I think uClinux works on non MMU processors also, as well as a different
(non-glibc) clib.

The linux kernel requires no libc. The userspace is quite independent of any specific libc, though your libc has to support linux of course. I routinely use uClibc on systems running full linux simply because glibc is huge (multiple megabytes) while uClibc can be fit into a few hundred kbytes.

uClinux works on processors without a PMMU. The normal example is the Coldfire and Dragonball series of Motorola 68ks. There are some consequences, of course, of trying to run a unix like OS on a system without an MMU, but a lot of things will "just work" as everything still uses normal Linux semantics.

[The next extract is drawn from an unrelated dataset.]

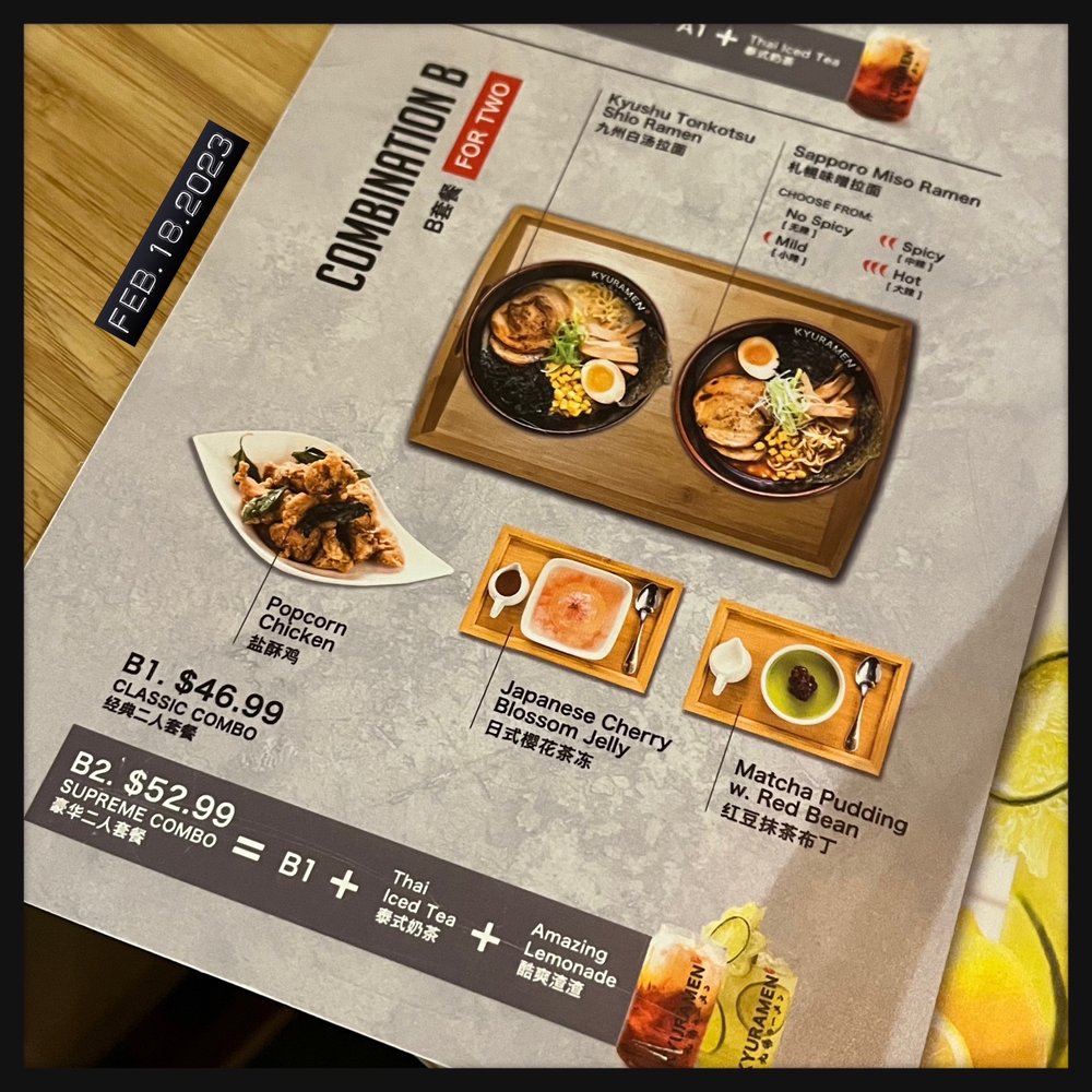 Combo includes:Tokyo Tonkotsu Shouyu Ramensapporo miso ramenpopcorn chickenjapanese cherry blossom jellymatcha pudding w. red bean

At work, we've been using a stripped down Redhat as the OS for a control
application.  We wanted to go the PowerPC route, but we never built a
linux system from scratch before, so we chose x86 and Redhat to reduce
risk.

How small can redhat be made anyway? I've got multiple systems running off 8MB of flash (and sometimes I'm lucky with that, my Tuxscreen only has 4MB of flash, though I have since added a 64MB CF card for extra storage). Normally, the problem is when you start involving things that need to be secure as OpenSSL is very common, but also very large (it weighs in at about 1.5MB or so; I've never gotten it smaller than 800k). There are alternatives for SSH, but not all other security protocols.


I'll go checkout this Familiar distro...thanks.


Be aware, Familiar only runs on iPAQs and Zauruses (Zaurii?). All the packages are binaries compiled by the author in no particular fashion, so it is definately not portable to non ARM-based architectures.